What this task involves> Reproduce the lines below exactly. Begin with the first, end with the line containing "For lovers of", and leave out the pictures.

Records for processing>
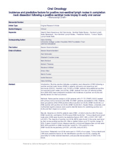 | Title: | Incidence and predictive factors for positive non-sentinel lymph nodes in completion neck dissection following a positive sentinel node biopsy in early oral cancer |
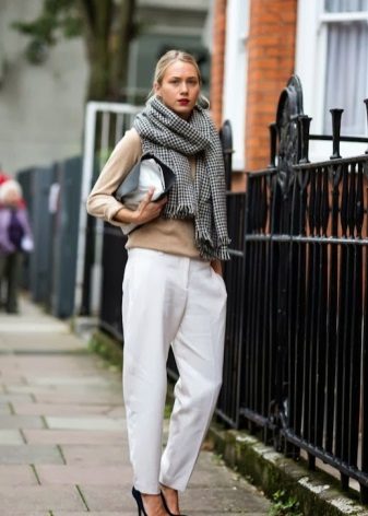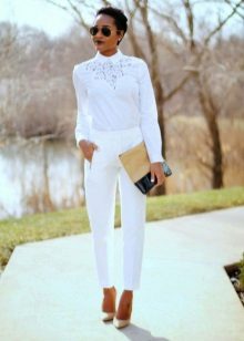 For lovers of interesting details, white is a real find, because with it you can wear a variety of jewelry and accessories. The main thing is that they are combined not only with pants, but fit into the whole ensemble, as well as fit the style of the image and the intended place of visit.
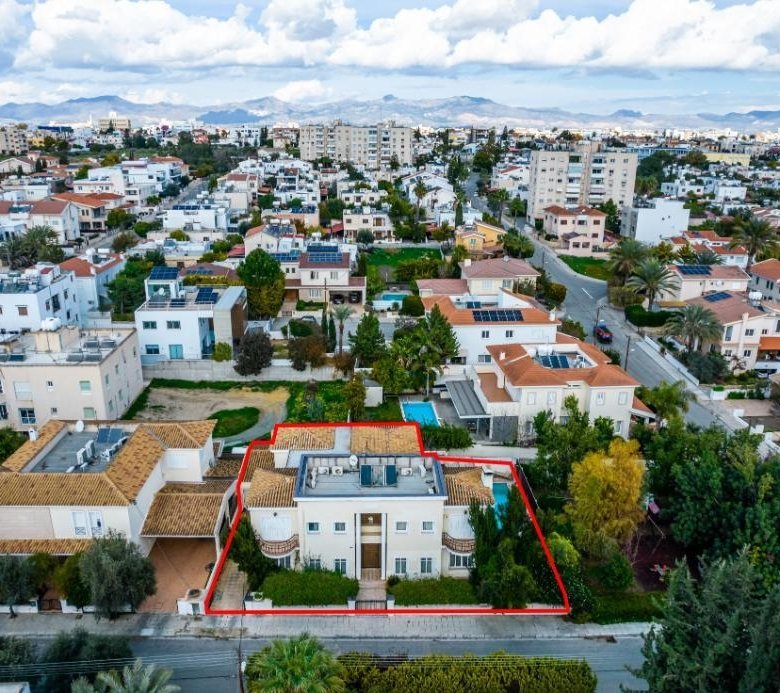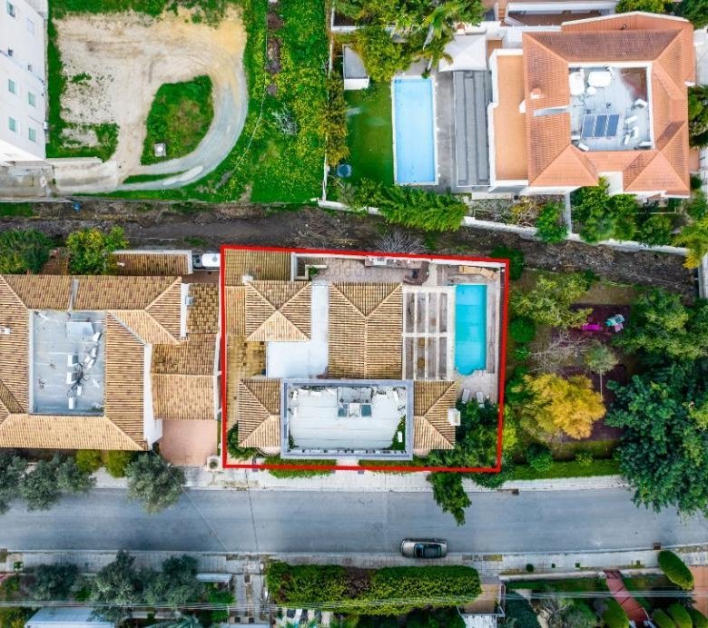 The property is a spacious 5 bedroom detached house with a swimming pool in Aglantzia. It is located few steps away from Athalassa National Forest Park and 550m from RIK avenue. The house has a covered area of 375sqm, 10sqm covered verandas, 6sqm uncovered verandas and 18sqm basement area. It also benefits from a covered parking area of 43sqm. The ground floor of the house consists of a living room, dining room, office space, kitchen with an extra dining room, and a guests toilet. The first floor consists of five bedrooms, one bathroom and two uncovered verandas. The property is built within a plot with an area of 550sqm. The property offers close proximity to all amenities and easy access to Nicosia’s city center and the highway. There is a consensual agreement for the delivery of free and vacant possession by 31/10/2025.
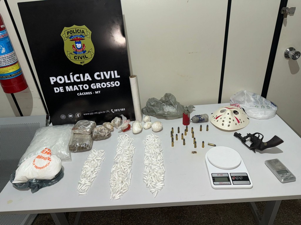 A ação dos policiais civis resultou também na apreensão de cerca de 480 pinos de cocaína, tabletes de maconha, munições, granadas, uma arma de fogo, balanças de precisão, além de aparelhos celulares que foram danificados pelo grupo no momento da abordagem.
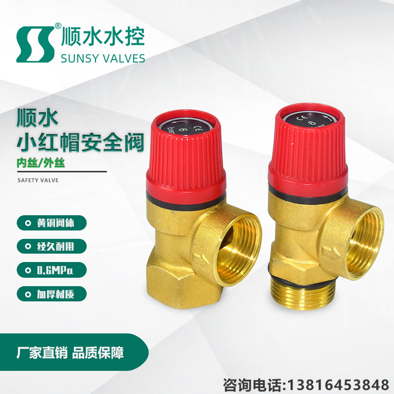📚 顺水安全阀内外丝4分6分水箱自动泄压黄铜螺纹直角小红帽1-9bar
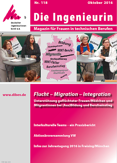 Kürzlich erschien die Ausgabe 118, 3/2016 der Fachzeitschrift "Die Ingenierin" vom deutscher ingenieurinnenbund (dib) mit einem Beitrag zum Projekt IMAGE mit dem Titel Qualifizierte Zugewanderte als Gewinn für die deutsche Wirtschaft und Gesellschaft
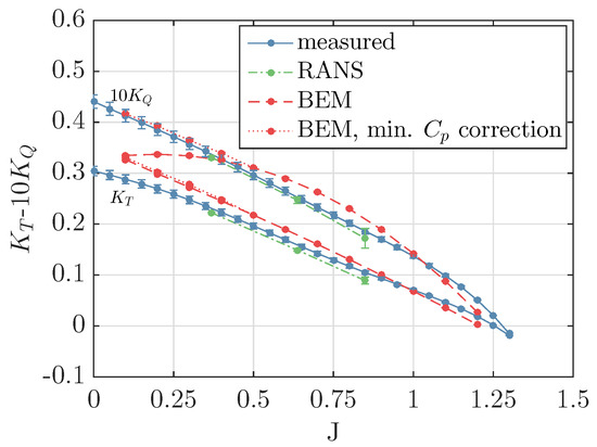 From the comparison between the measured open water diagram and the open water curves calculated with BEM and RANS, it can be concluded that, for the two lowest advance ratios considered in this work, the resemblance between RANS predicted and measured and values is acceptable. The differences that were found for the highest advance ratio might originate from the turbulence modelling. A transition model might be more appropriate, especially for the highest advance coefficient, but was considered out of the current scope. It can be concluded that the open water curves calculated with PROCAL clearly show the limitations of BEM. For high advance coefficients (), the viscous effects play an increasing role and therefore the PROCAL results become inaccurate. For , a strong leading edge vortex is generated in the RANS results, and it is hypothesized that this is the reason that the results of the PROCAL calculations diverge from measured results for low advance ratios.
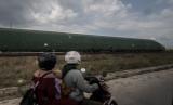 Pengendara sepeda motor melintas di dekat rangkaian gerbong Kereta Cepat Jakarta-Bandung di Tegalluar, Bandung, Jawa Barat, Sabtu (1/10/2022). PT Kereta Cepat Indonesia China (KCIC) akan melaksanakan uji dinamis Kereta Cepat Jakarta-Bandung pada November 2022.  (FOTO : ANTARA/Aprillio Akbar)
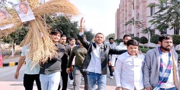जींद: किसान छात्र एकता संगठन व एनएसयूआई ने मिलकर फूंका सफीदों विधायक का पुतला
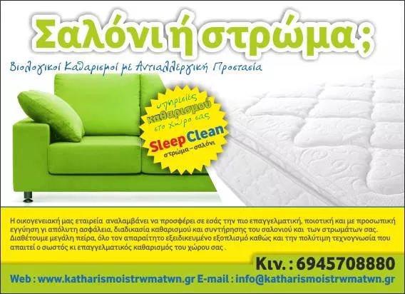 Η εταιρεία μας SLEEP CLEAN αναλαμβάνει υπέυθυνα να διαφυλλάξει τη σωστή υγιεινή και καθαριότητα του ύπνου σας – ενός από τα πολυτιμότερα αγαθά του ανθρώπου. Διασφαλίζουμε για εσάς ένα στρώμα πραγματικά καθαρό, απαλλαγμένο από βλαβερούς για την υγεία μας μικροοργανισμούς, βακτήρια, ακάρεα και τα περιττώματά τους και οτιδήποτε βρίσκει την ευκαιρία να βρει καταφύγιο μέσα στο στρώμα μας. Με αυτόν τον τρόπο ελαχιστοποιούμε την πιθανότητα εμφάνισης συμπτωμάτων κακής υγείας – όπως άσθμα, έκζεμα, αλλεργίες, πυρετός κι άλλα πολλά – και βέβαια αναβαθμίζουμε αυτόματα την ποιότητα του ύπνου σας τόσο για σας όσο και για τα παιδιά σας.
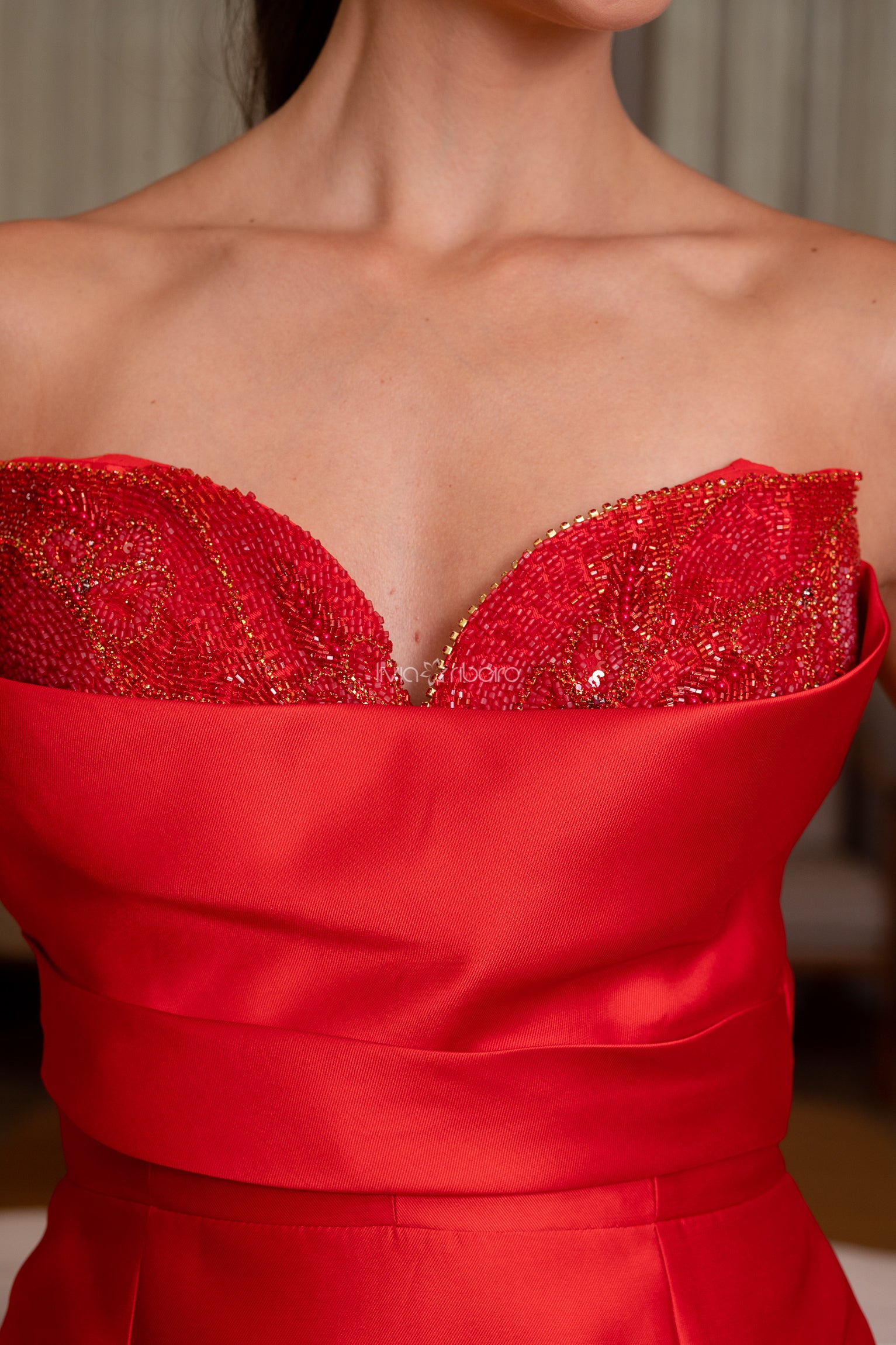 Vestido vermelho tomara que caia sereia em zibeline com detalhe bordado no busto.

Worked solution>
 | Title: | Incidence and predictive factors for positive non-sentinel lymph nodes in completion neck dissection following a positive sentinel node biopsy in early oral cancer |
 For lovers of interesting details, white is a real find, because with it you can wear a variety of jewelry and accessories. The main thing is that they are combined not only with pants, but fit into the whole ensemble, as well as fit the style of the image and the intended place of visit.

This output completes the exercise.